Growing real human small blood vessels in the laboratorium
In this project, basic scientists of the Leiden based LUMC and the LACDR will work in close collaboration with SMEs Mimetas and Ncardia to develop a next generation capillary-on-a-chip model to study the mechanism of small blood vessel loss in disease such as ‘heart failure with preserved ejection fraction’(HFpEF). In patients with HFpEF a progressive loss of perfusion in the heart muscle ultimately results in a reduction of the pump function of the heart. For the estimated 65.000 HFpEF patients in the Netherlands therapeutic options are severely limited. Notwithstanding the clinical relevance of small vessel disease, its underlying mechanism is poorly understood as current in vitro models for human small vessels lack sufficient complexity to assess the functionality of human capillary endothelial-pericyte and matrix interactions. As a result, therapeutic options to counteract rarefaction are virtually non-existent.

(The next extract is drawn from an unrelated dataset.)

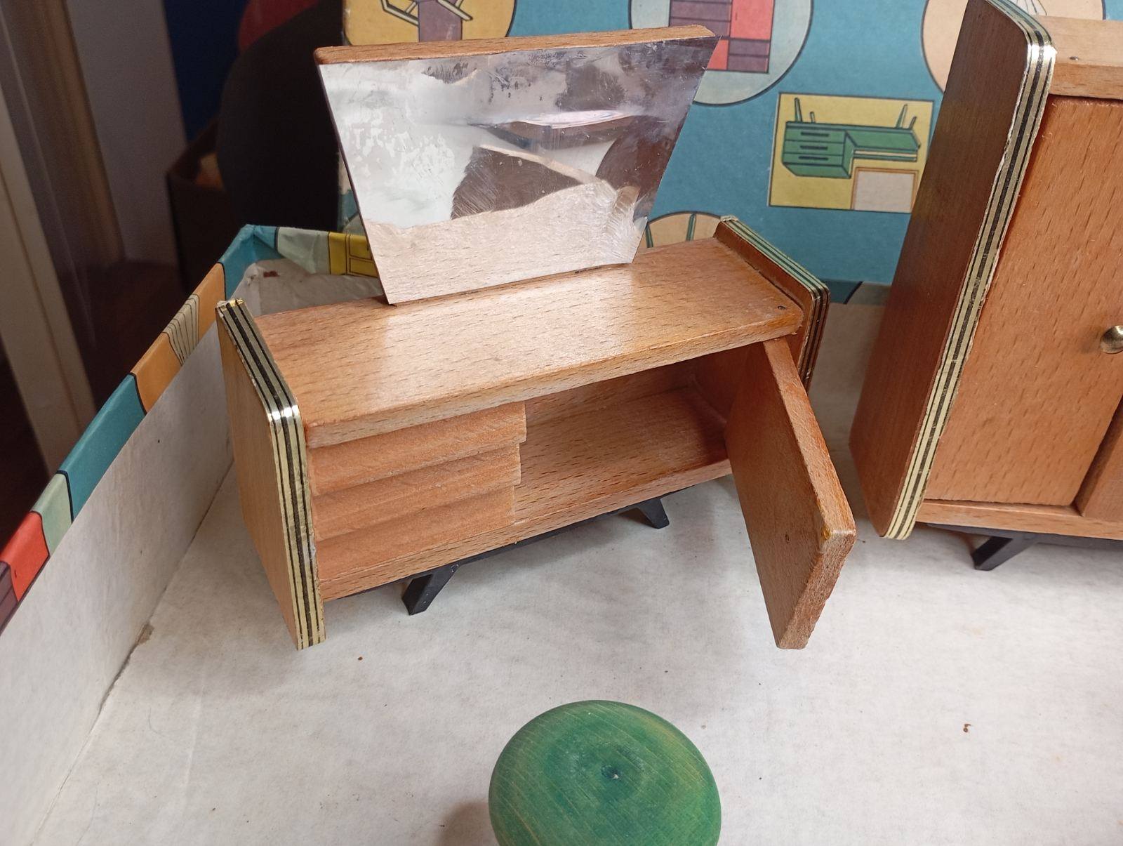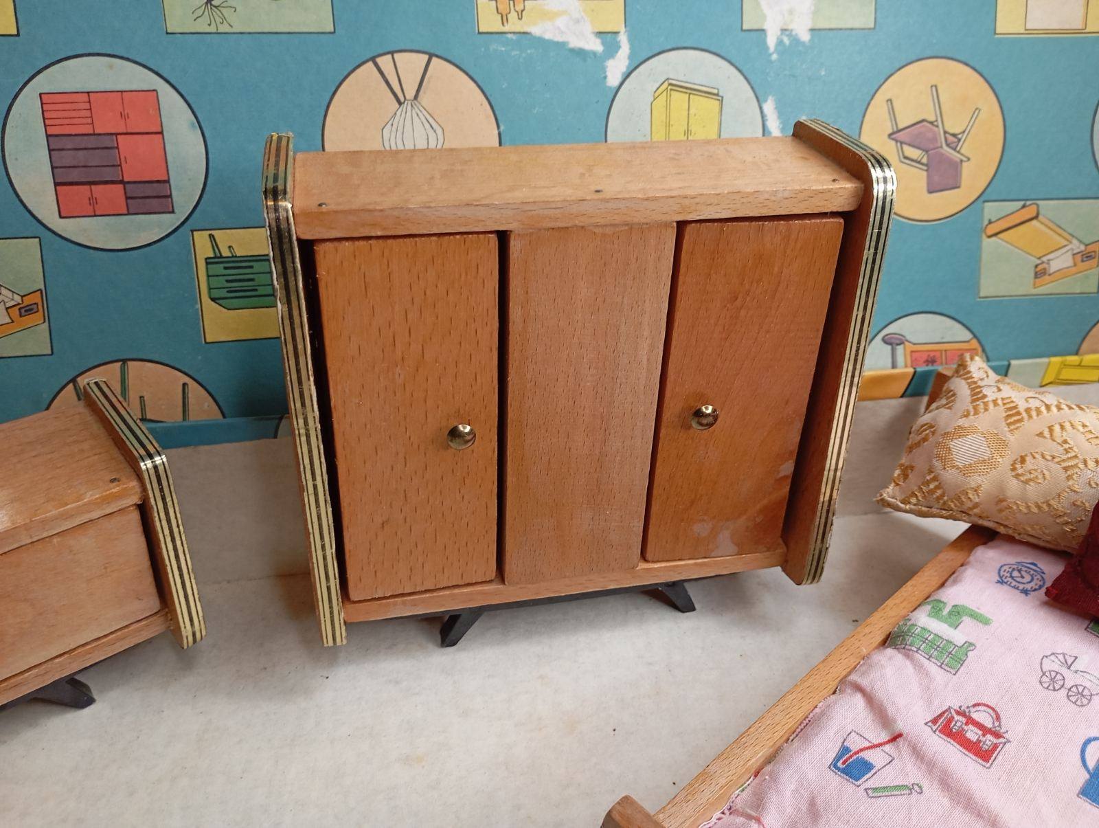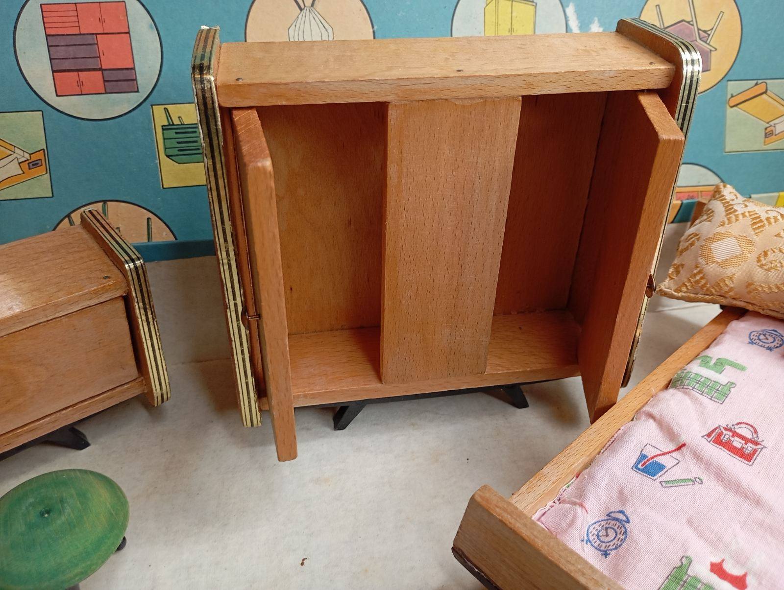 Σπάνιο και συλλεκτικό ξύλινο σετ κρεβατοκάμαρας κούκλας από τη δεκαετία του 1960–1970, ελληνικής παραγωγής. Το σετ περιλαμβάνει:

They recently developed a microfluidics-based, 3D microvessel-on-a-chip’ platform that allows the formation of 10- 30 µm wide human capillaries including perfusable lumen. This model is unique in that it combines the use of MIMETAS OrganoPlate that allows balancing of complexity and throughput in a physiologically relevant cellular microenvironment with Ncardia’s hiPSC-derived ECs which resemble primary cells that can be expanded in nearly unlimited quantities scalable and are amendable to genetic editing. However, the final step in the modeling of true physiological capillaries is the introduction of capillary-associated pericytes.
In this project the aim is to 1) optimise co-culture conditions for iPSC-derived EC and pericytes/vascular smooth muscle cells (VSMC), 2) identify approaches for efficient pericyte-EC interactions and 3) validate the physiological relevance of the formed pericyte/VSMC-stabilised capillary networks.
Once realised, our pericyte-stabilised capillary-on-a-chip platform will provide an essential tool to interrogate how blood plasma factors drive capillary rarefaction in patients and ultimately may contribute to the development of therapeutic options to counteract microvascular associated cardiovascular disease.